Second, it means Chinese steelmakers don’t have enough information or incentive to quickly adjust production.

"Steelmakers, rather than traders or (distributors), should take the loss of market price drops so that they will be serious enough to adjust production in line with real demand and changes in the economic situation," a major trader in Tianjin told AMM sister publication Steel First.

As a result, Chinese sources say significant changes to the system must be made.

Chinese steelmakers will likely have to adopt practices by Japanese and South Korean peers, a distributor in Shanghai said. There, mills work more closely with a smaller group of select traders to regularly adjust and prepare production level and sales.

Some traders have already quit the market as they fail to weather the storms of the past 18 months, sources said. Those who remain are looking to push a new way of cooperation with steelmakers that sees the mills carry some risk, some said.

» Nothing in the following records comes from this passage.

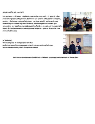Este proyecto busca mejorar los procesos de lectoescritura en niños de 9 a 12 años a través de la lectura y creación de cuentos. Sus objetivos son fomentar los hábitos de lectura compartida, formar lectores críticos que puedan plasmar sus pensamientos y emociones en palabras, y utilizar la lectura y escritura para comunicarse y construir textos propios. Se justifica por la necesidad de fortalecer estas habilidades como elemento facilitador del aprendizaje, y porque ayuda a los niños a expresarse y rel
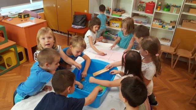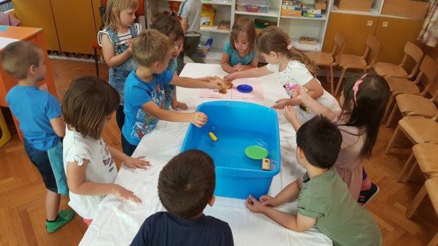 Djeca mlađe A skupine Maslačka i srednje B skupine Nevena istraživali su koji predmeti plivaju, a koji tonu u vodi. Djeca su i sama donosila igračke i predmete koje su pronašli u sobi te su svoje rezultate bilježili na plakatu PLIVA - TONE.
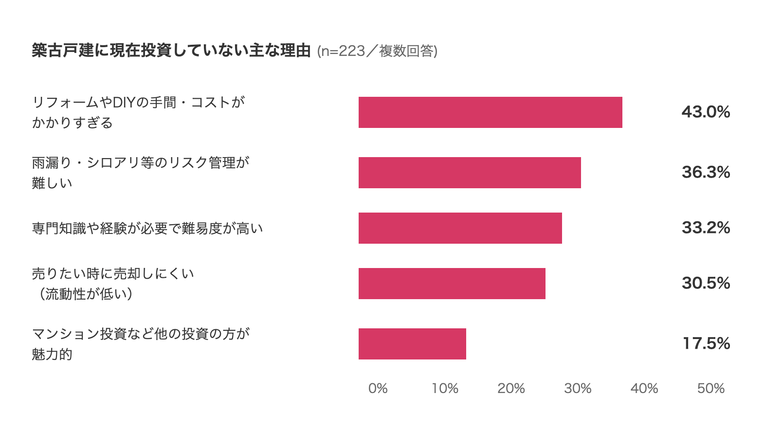 築古戸建に現在投資していない層に理由を尋ねたところ、「リフォームやDIYの手間・コストがかかりすぎる」43.0%が最多となりました。
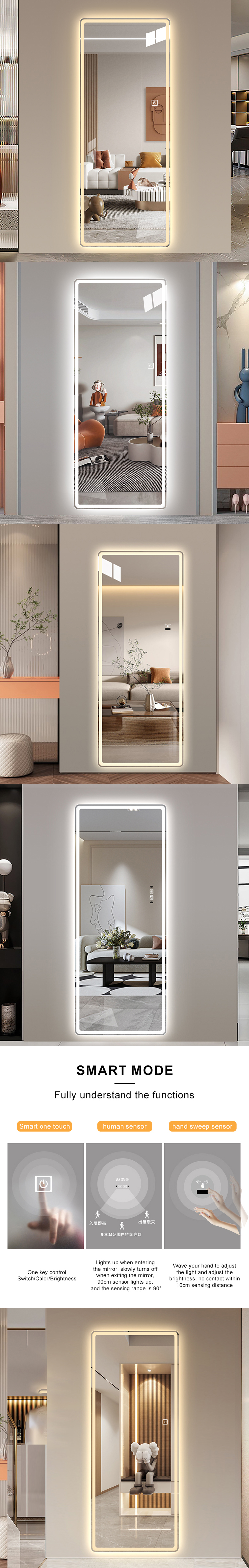 2023 New Luxury Rectangular Smart Touch Switch Floor Mirror Selfie Mirror Photo Wall Mounted Camera Kiosk Housing
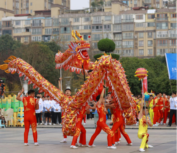 2024年11月15日至18日,“我要上全运”第十五届全国运动会群众展演舞龙舞狮项目贵州选拔赛暨2024年贵州省舞龙舞狮公开赛在黔南州瓮安县渡江广场隆重举行。本次赛事由贵州省体育局、省体育总会联合主办,来自全省的45支队伍共计850名运动员参赛,其中包括26支公开赛队伍和19支地方展演队伍。
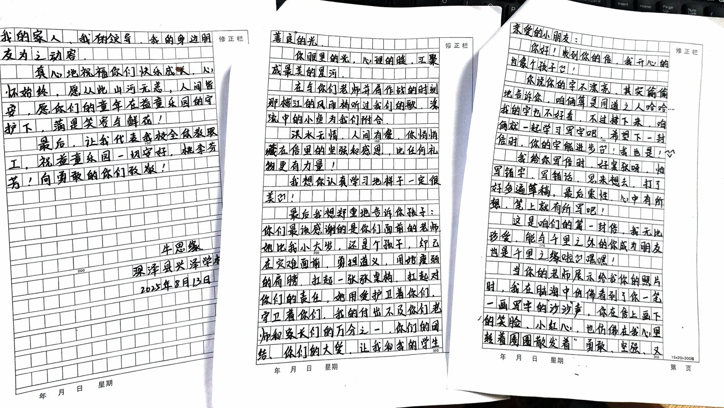 感谢信寄出后,很快收到了这位河南教师的回信。信中写道:“收到孩子们的信,我热泪盈眶,这是我收到的最珍贵的礼物。洪水无情,人间有爱,看到你们重返乐园,我由衷地为你们高兴。”她在信中鼓励孩子们:“困难只是暂时的,希望你们心怀希望、努力学习,未来定会绽放光芒。更希望你们永葆善良与勇敢之心,将这份爱心接力传递下去。”

"Traders and (distributors) who survived this first round have already reduced their monthly contract volumes with steelmakers, beginning early this year," another distributor in Shanghai said.

They will book even less from steelmakers next year, sources said, forcing producers to set more reasonable or favorable policies for a smaller number of stronger traders.

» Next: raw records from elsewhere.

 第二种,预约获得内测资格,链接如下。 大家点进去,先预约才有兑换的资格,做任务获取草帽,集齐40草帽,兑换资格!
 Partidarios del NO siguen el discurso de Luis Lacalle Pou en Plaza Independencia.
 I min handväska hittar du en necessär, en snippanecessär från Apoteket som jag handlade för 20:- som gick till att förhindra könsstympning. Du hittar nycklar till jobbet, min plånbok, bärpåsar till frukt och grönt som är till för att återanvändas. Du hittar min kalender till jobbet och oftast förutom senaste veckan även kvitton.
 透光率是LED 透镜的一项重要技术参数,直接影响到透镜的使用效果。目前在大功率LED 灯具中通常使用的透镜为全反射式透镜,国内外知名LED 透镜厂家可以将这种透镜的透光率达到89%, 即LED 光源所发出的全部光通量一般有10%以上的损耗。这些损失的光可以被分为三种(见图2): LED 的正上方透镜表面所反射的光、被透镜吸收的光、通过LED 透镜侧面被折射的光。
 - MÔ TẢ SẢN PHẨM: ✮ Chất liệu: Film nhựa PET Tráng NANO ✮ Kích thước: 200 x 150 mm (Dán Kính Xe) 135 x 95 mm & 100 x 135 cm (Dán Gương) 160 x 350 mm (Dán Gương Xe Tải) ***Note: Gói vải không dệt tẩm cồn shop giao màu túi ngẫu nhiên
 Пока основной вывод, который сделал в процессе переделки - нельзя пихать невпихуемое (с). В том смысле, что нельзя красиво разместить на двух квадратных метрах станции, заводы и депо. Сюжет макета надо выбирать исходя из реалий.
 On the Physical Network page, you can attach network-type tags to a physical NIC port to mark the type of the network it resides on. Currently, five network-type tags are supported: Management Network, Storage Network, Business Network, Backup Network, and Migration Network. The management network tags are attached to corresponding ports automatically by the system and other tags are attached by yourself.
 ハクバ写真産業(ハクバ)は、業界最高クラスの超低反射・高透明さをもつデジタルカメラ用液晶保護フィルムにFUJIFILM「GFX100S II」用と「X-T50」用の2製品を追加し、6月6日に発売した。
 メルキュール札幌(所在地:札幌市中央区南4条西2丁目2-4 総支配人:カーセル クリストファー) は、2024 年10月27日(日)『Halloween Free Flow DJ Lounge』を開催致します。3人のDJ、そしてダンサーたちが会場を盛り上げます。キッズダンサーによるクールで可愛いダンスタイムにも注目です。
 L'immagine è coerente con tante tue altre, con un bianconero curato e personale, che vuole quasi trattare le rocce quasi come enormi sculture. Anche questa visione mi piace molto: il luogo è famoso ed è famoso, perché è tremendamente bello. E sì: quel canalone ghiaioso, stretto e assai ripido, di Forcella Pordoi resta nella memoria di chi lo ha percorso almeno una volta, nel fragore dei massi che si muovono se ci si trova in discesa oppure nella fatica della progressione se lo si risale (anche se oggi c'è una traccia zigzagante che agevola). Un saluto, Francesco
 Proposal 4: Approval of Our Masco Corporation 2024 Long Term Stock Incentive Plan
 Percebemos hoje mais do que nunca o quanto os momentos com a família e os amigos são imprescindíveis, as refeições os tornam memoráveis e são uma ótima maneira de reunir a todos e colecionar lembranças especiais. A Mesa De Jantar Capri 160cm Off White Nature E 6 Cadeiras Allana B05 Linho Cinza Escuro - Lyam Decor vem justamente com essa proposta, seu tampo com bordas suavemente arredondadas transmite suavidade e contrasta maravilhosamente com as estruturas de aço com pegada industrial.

In addition to rethinking their relationship with each other, traders and mills are also mulling more sophisticated ways of supplying steel to end-users. Traders are setting up more strategic logistics hubs and coil centers, and mills are establishing bigger sales networks of their own to bypass traders, sources said.

For example, Xinyu Iron & Steel Co. Ltd. has been in talks with traders in Shanghai and Guangdong province to set up cooperative ties on sales to downstream customers, sources said. Baosteel Group Corp., which has long sold products direct to customers, has also operated its own online steel sales service for many years. Likewise, Rizhao Steel Co. Ltd. has recruited 200 people to make direct sales to end-users and Hebei Jingye Steel Co. Ltd. is said to be more active in building a direct sales team.

This is closer to the European model in which large steelmakers have substantial distribution networks of their own, but might have its limitations for now.

"The volume through steelmaker’s own direct sales channels may not be large. It will be hard to exceed 10 percent of total sales volume," a sales manager at Jinxi Iron & Steel Co. Ltd. said, citing most buyers’ need for financing.